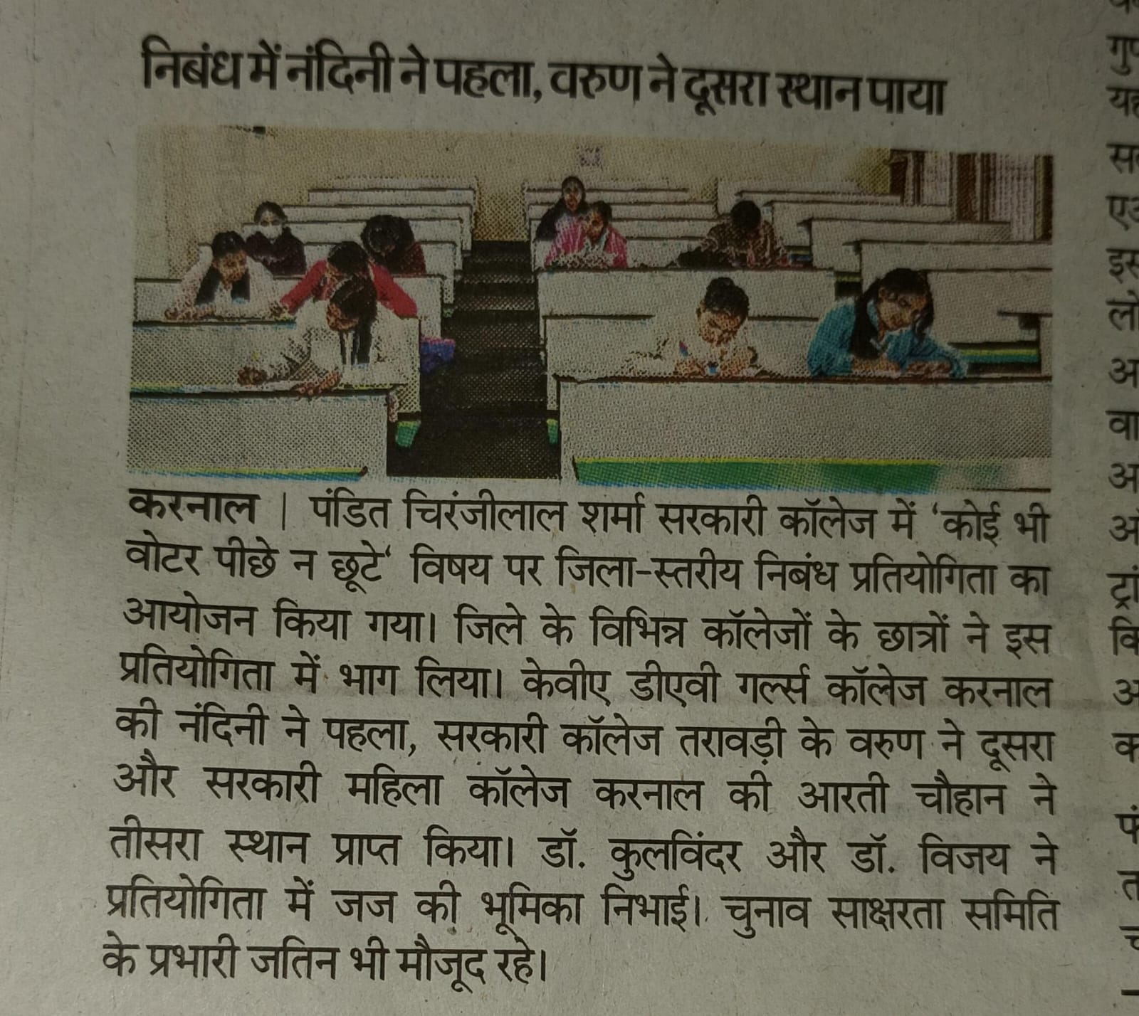 The winners were: 1st position: Manvi Malik B.Sc (PS) 1st year 2nd position: Palak Choudhary –B.Sc (LS) 1st year 3rd position: Shallu -BCA 1st year The activity was a fruitful and enthusiastic effort for all participants.
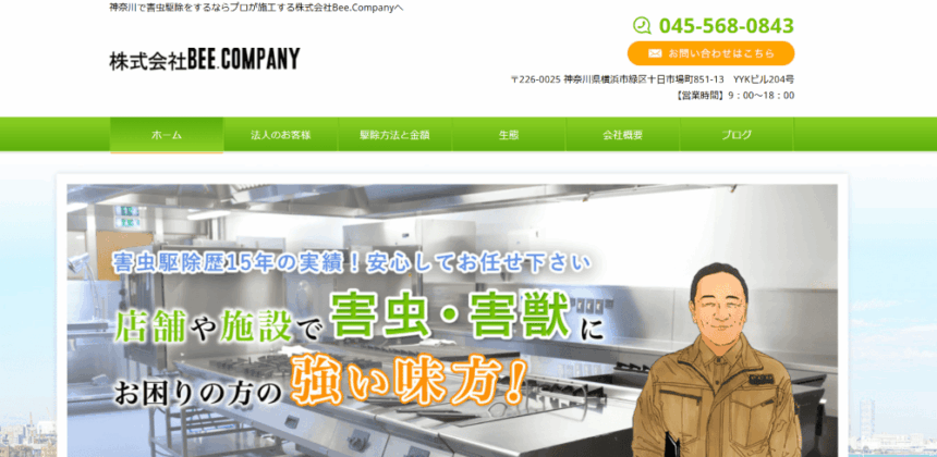 神奈川県横浜市緑区に拠点を構える「株式会社Bee.Company」は、ネズミやゴキブリ、コバエ、ダニなどの害虫・害獣対策を専門に行っている駆除業者です。創業から15年にわたり、神奈川県内はもちろん、東京・千葉・埼玉エリアまで幅広く対応しており、飲食店や宿泊施設、高齢者施設など多種多様な現場で豊富な施工実績を築いてきました。地元に根ざした迅速かつ丁寧な対応をモットーに、初めての方にも安心してご利用いただける体制を整えています。発生後の駆除はもちろん、再発を防ぐ予防対策にも力を入れており、害虫や害獣の問題を総合的にサポートいたします。
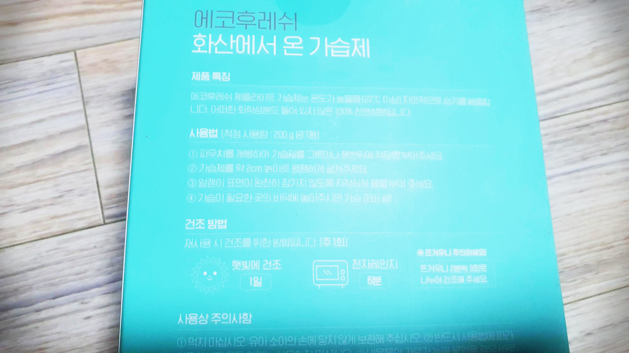 에코프레시의 화산재가습제는 #재활용 제품이므로 재사용 시 햇볕에 하루 정도 건조시키거나 or 전자레인지에 6분 정도 데우면 된다.(뜨거우니 2분씩 나눠 돌린다!) 지구에도 도움이 되는 제품이어서 내 취향이다.
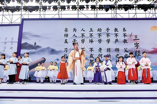扮演《三字经》作者区适子的先生带领学子们诵读
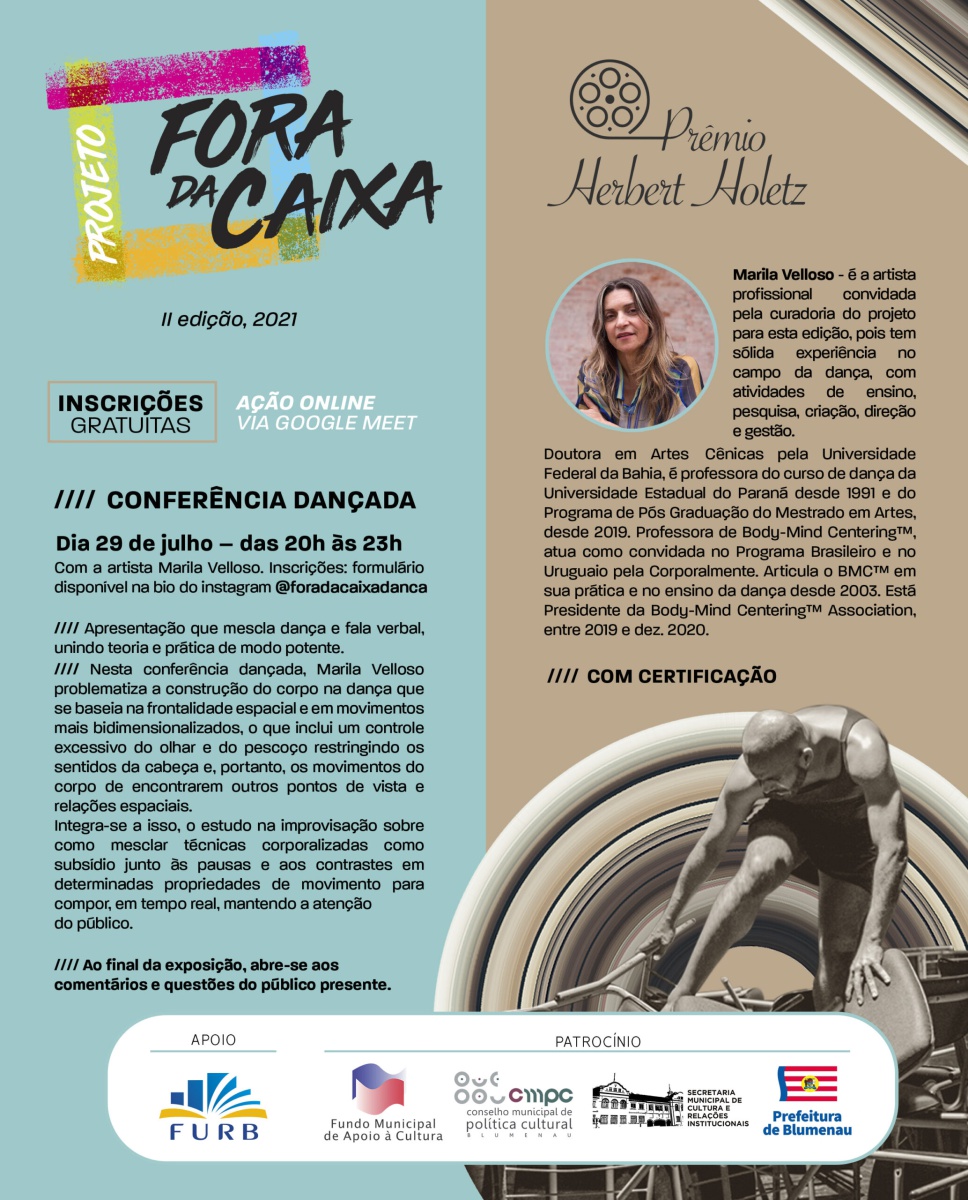 Patrocínio: Fundo Municipal de Apoio à Cultura; Fundação Cultural de Blumenau; Prefeitura de Blumenau. Projeto contemplado pelo Prêmio Herbert Holetz.
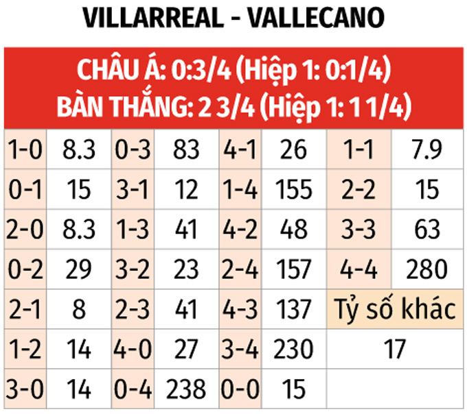 - Tối đa 4 góc hiệp 1: 6 trận liên tiếp của Villarreal đều khép lại 45 phút đầu tiên với tối đa 4 quả đá phạt góc trong hiệp đầu tiên. Lịch sử đối đầu cũng chứng kiến 3/4 trận gặp nhau gần nhất giữa đôi bên có tối đa 4 góc trước giờ nghỉ.
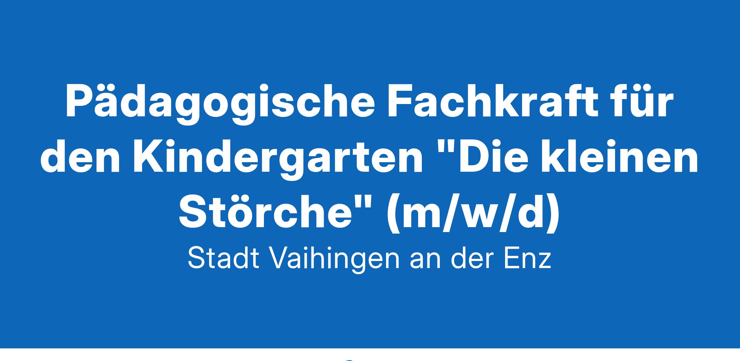 Wenn Sie Teil unseres Teams in der neuen Einrichtung „Die kleinen Störche“ werden möchten, freuen wir uns auf Ihre Bewerbung bitte direkt über unser Online-Bewerberportal www.vaihingen.de
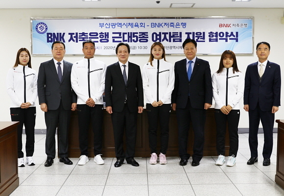 BNK저축은행과 부산시체육회가 10일 오전 부산시체육회관에서 근대5종 여자 실업팀 후원을 위한 협약식을 열었다고 밝혔다.
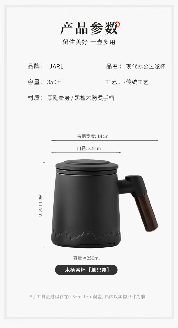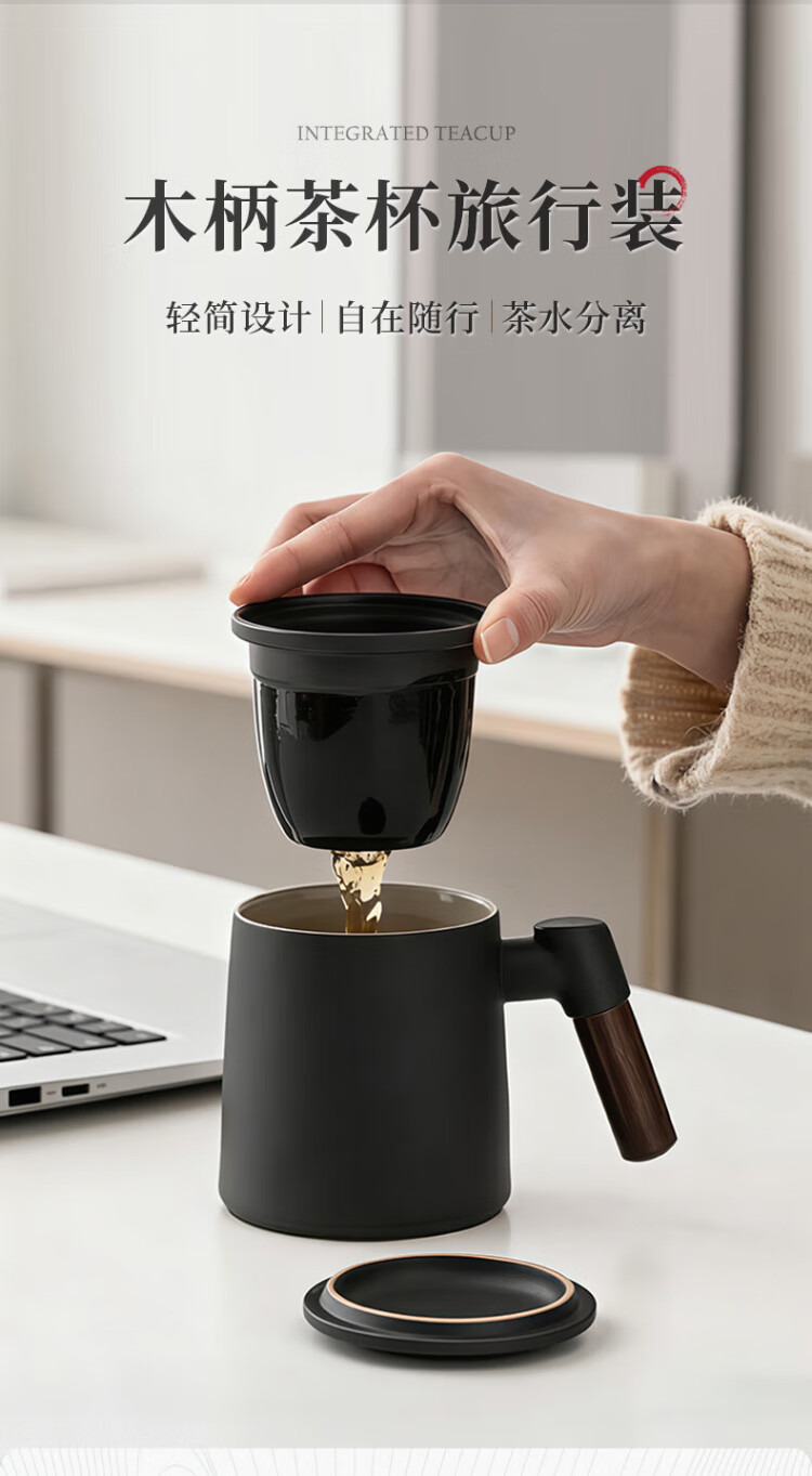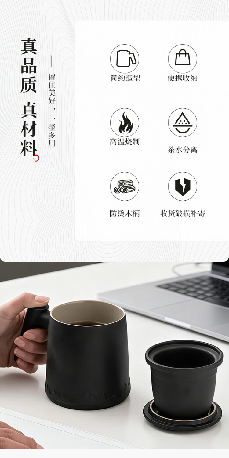 Yi Jia (IJARL) tea cup, tea water separation cup, office tea cup, fair cup, office cup with filtered tea leakage tea set 400ml
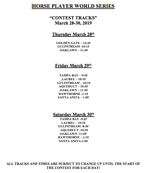 Here are the contest tracks for each day of the upcoming Horse Player World Series (HPWS) to be held March 28-30 at The Orleans in Las Vegas:
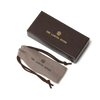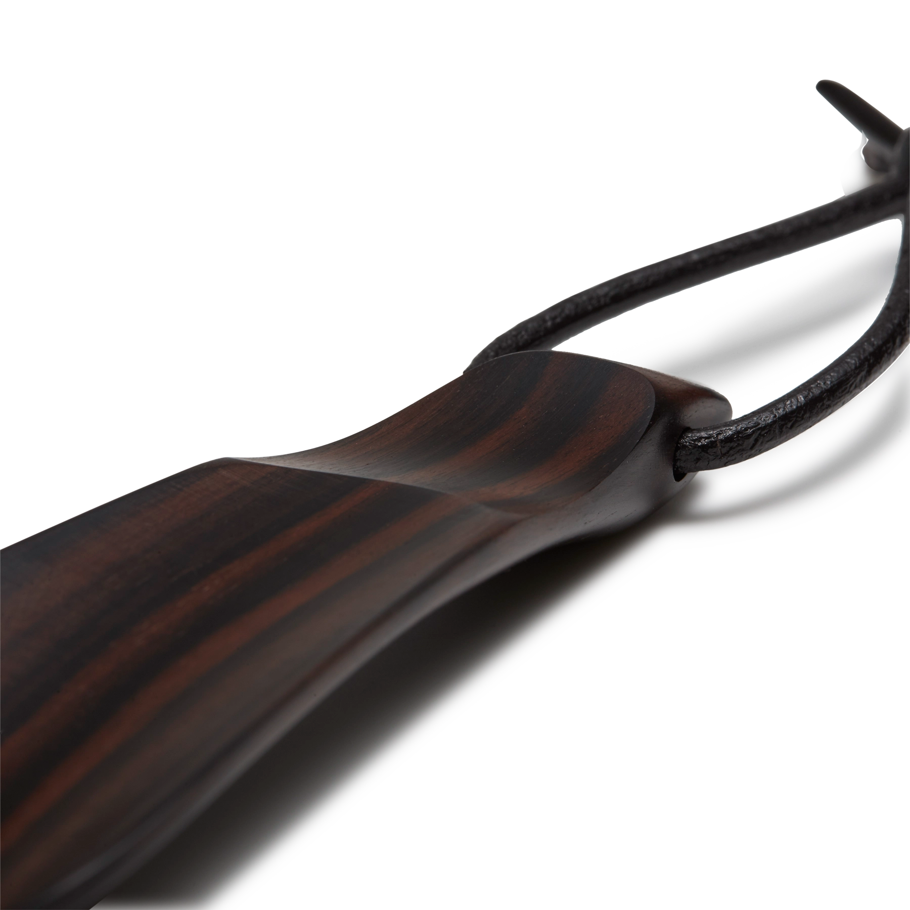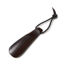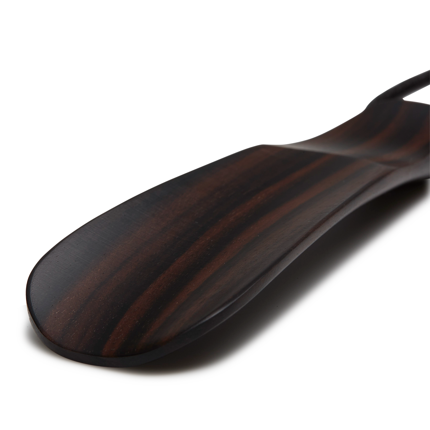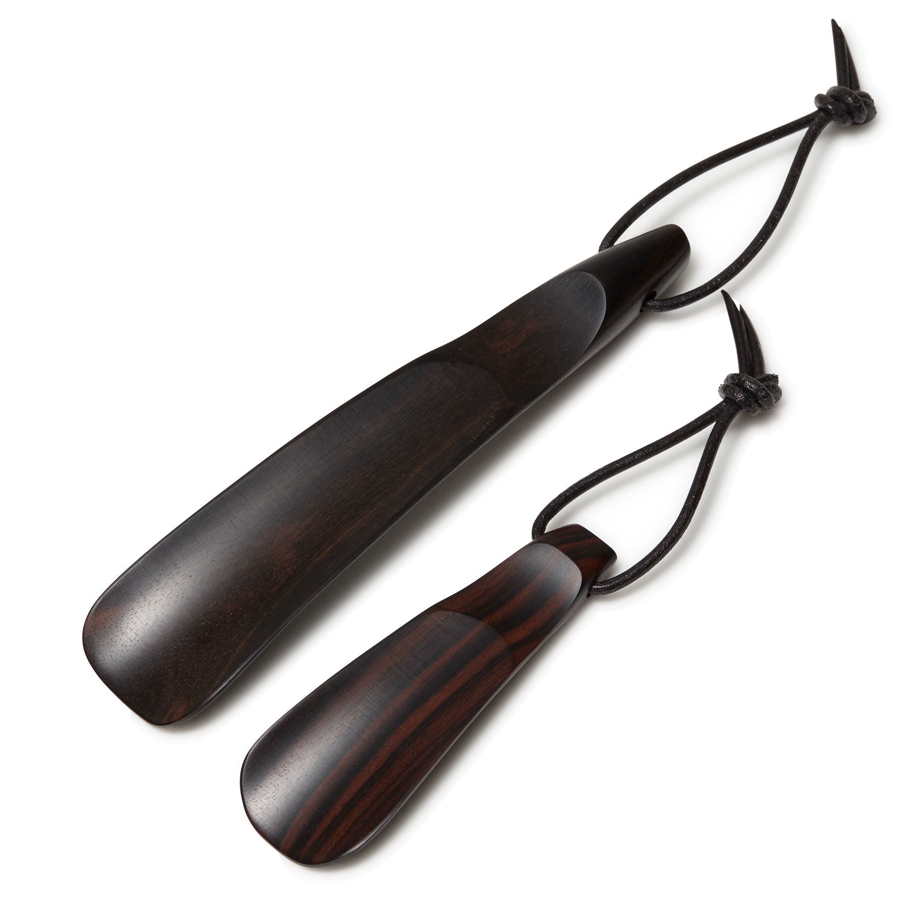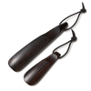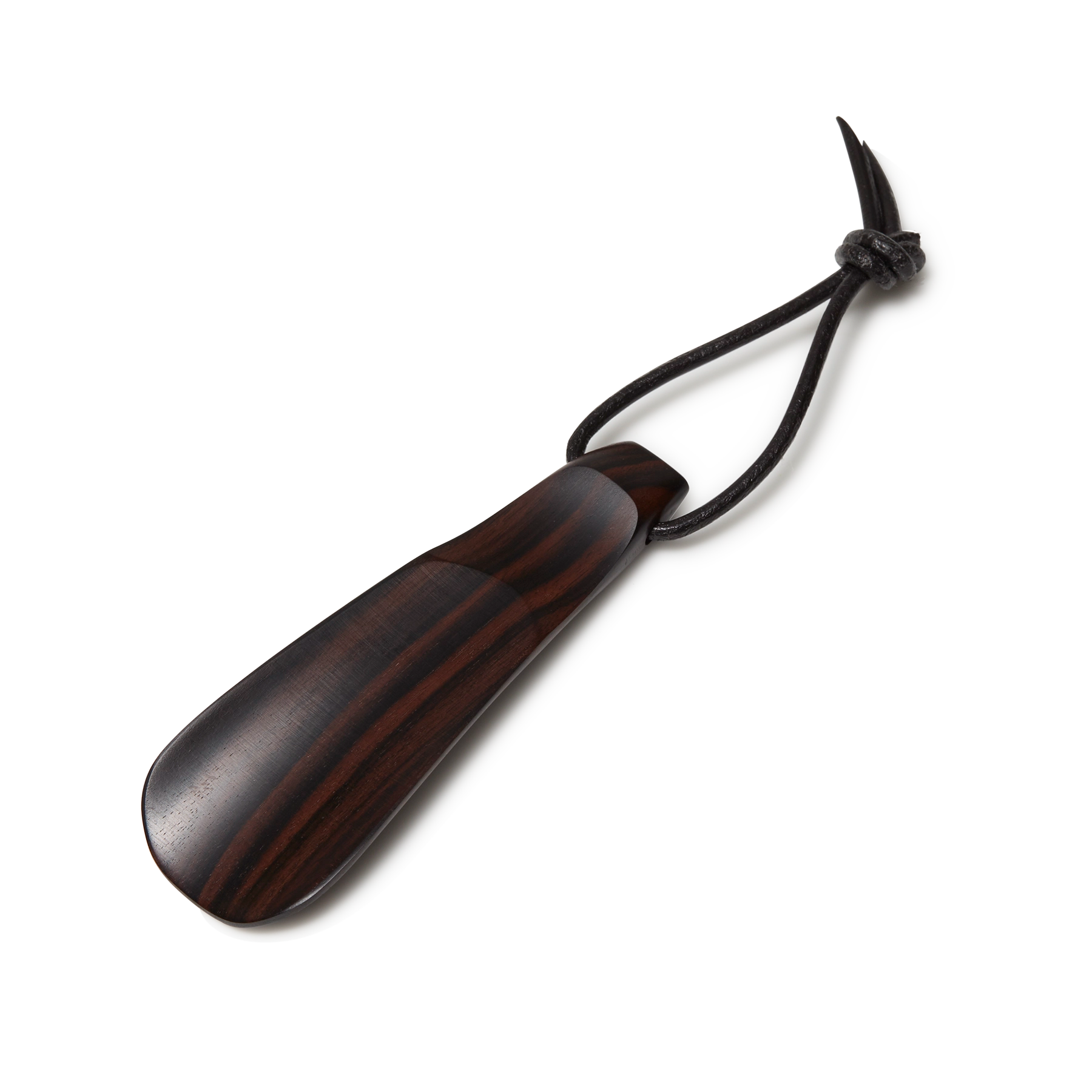 広島県廿日市市にある倉本杓子工場のしゃもじ職人が手作業で仕上げたシューホーンです。強度があるもそれゆえ加工や削り出しが難しいとされる高級木材 黒檀を一点一点丁寧に磨き上げ美しいフォルムを生み出しています。革紐は靴のウェルト素材で作られており、見て楽しみ、触れて愛着の湧く仕上がりです。拘る人達が納得できる逸品です。

● ● ● ● ● ● ●

**WHAT YOU WILL DO:**
Please print the lines above word for word, starting at the one with "扮演《三字经》作者区适子的先生带领学子们诵读" and ending at the one with "Wenn Sie Teil", both included, and without any picture.

**SOLVED EXERCISE:**
扮演《三字经》作者区适子的先生带领学子们诵读
 Patrocínio: Fundo Municipal de Apoio à Cultura; Fundação Cultural de Blumenau; Prefeitura de Blumenau. Projeto contemplado pelo Prêmio Herbert Holetz.
 - Tối đa 4 góc hiệp 1: 6 trận liên tiếp của Villarreal đều khép lại 45 phút đầu tiên với tối đa 4 quả đá phạt góc trong hiệp đầu tiên. Lịch sử đối đầu cũng chứng kiến 3/4 trận gặp nhau gần nhất giữa đôi bên có tối đa 4 góc trước giờ nghỉ.
 Wenn Sie Teil unseres Teams in der neuen Einrichtung „Die kleinen Störche“ werden möchten, freuen wir uns auf Ihre Bewerbung bitte direkt über unser Online-Bewerberportal www.vaihingen.de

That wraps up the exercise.